The anthropomorphic abdominal phantom contains a rib cage, a portal vein, lungs, a liver with six lesions, and a hepatic vessel tree. This phantom incorporates three different lesion types with varying visibility under computed tomography (CT), magnetic resonance imaging (MRI), and positron emission tomography CT (PET-CT), which reflects clinical reality. The phantom is puncturable and the size of the corpus and the organs is comparable to those of a real human abdomen. By using several modern additive manufacturing techniques, the manufacturing process is reproducible and allows to incorporate patient-specific anatomies. As a first step of the OMD diagnosis workflow, a preinterventional CT, MRI, and PET-CT data set of the phantom was acquired. The image information was fused using image registration and organ information was extracted via image segmentation. A CBCT-guided needle puncture experiment was performed, where all six liver lesions were punctured with coaxial biopsy needles.

RESULTS

Qualitative observation of the image data and quantitative evaluation using contrast-to-noise ratio (CNR) confirms that one lesion type is visible only in MRI and not CT. The other two lesion types are visible in CT and MRI. The CBCT-guided needle placement was performed for all six lesions, including those visible only in MRI and not CBCT. This was possible by successfully merging multimodal preinterventional image data.
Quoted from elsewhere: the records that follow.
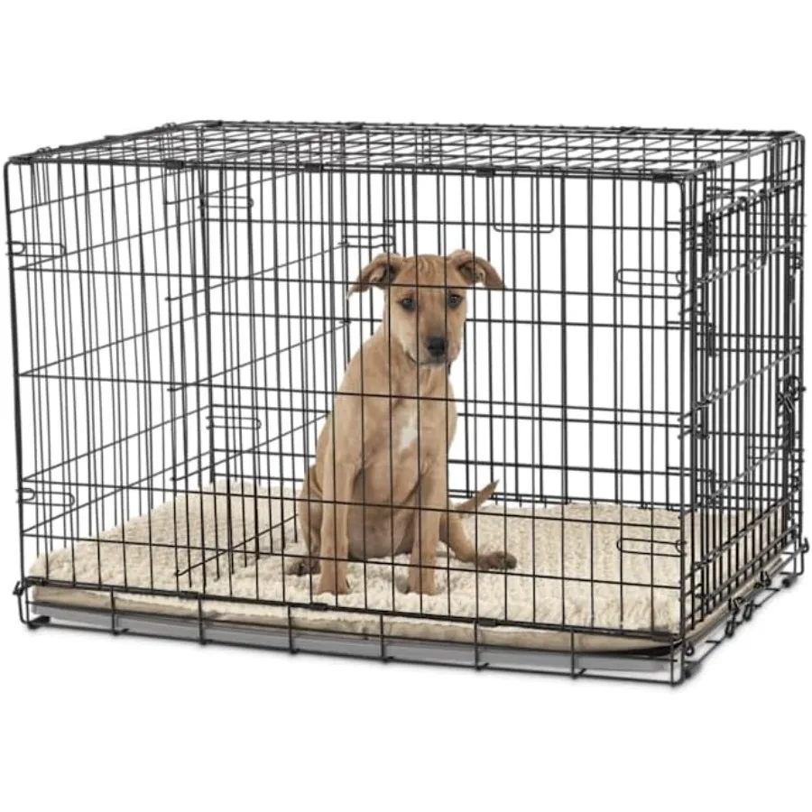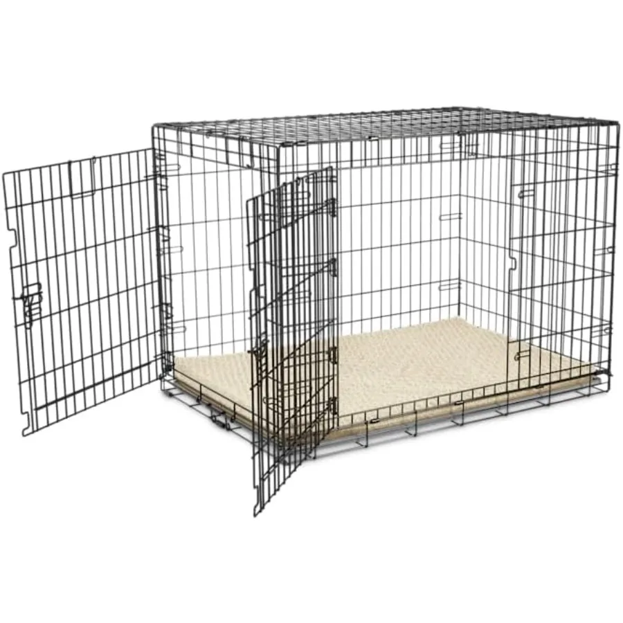 2-Door Folding Dog Crate for Travel and Home Use 43.2 L x 28.5 W x 30.7 H Lightweight and Portable Design with Secure Locks and
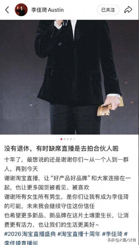 短短几句话,迅速点燃了网络舆论场,“李佳琦说可能缺席两个季度直播”的话题冲上热搜,关于他“退休”“退网”的猜测铺天盖地。
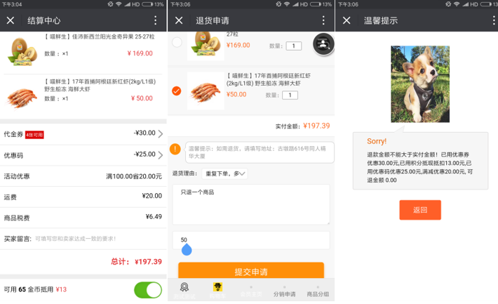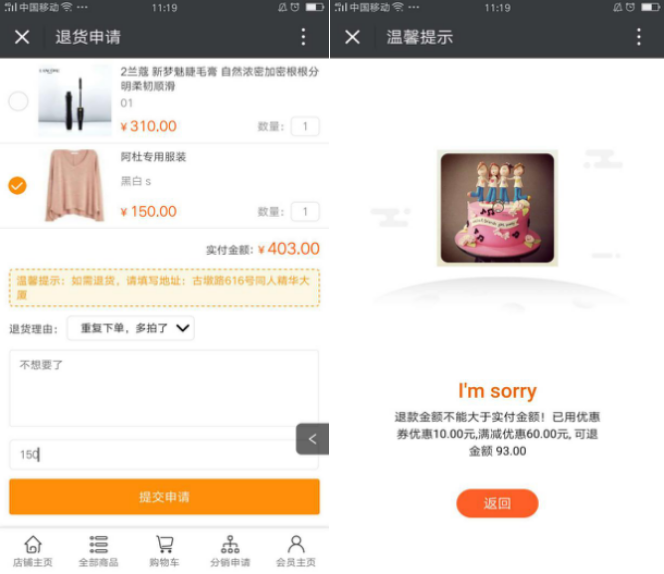 ·订单有参与优惠后,商品不能全额退款时,提示优惠了多少,可退多少

Lungs, bones, and liver vessels serve as realistic inhibitions during needle path planning.

CONCLUSIONS

We have developed a reusable abdominal phantom that has been used to validate a standardized OMD diagnosis workflow. Utilizing the phantom, we have been able to show that a multimodal imaging pipeline is advantageous for a comprehensive detection of liver lesions. In a CBCT-guided needle placement experiment we have punctured lesions that are invisible in CBCT using registered preinterventional MRI scans for needle path planning.

摘要

目的

肝脏是转移瘤的常见部位,这是一种具有挑战性和危及生命的疾病,预后和结果都很严峻。我们提出了一种用于诊断寡转移瘤(OMD)的标准化工作流程,因为目前尚未建立金标准工作流程。该工作流程包括获取多模态图像数据集、新型图像处理技术和锥形束 CT(CBCT)引导下的活检,以进行后续的分子亚型分析。通过结合肿瘤的形态、分子和功能信息,可以为每位患者制定特定的治疗计划。我们设计并制造了一个腹部肝脏体模,用于演示 OMD 诊断工作流程的多模态图像采集、图像处理和活检。

方法

该人体模拟腹部体模包含一个肋骨笼、门静脉、肺、一个带有六个病变的肝脏和一个肝血管树。该体模包含三种不同类型的病变,在 CT、磁共振成像(MRI)和正电子发射断层扫描 CT(PET-CT)下具有不同的可见度,这反映了临床实际情况。该体模可穿刺,且其体腔和器官的大小与真实人体腹部相似。通过使用几种现代增材制造技术,制造过程具有可重复性,并可以纳入患者特定的解剖结构。作为 OMD 诊断工作流程的第一步,对体模进行了介入前 CT、MRI 和 PET-CT 数据集采集。使用图像配准融合图像信息,并通过图像分割提取器官信息。然后进行了 CBCT 引导下的针穿刺实验,使用同轴活检针对所有六个肝脏病变进行了穿刺。

结果

对图像数据的定性观察和使用对比噪声比(CNR)的定量评估证实,有一种病变类型仅在 MRI 中可见,而在 CT 中不可见。另外两种病变类型在 CT 和 MRI 中都可见。使用成功融合的多模态介入前图像数据,对所有六个病变进行了 CBCT 引导下的针放置,包括那些仅在 MRI 中可见而在 CBCT 中不可见的病变。肺、骨骼和肝血管在针路径规划中起到了真实的抑制作用。

结论

我们开发了一种可重复使用的腹部体模,用于验证标准化 OMD 诊断工作流程。利用该体模,我们已经证明了多模态成像管道有利于全面检测肝脏病变。在 CBCT 引导下的针放置实验中,我们使用注册的介入前 MRI 扫描来规划针路径,对 CBCT 中不可见的病变进行了穿刺。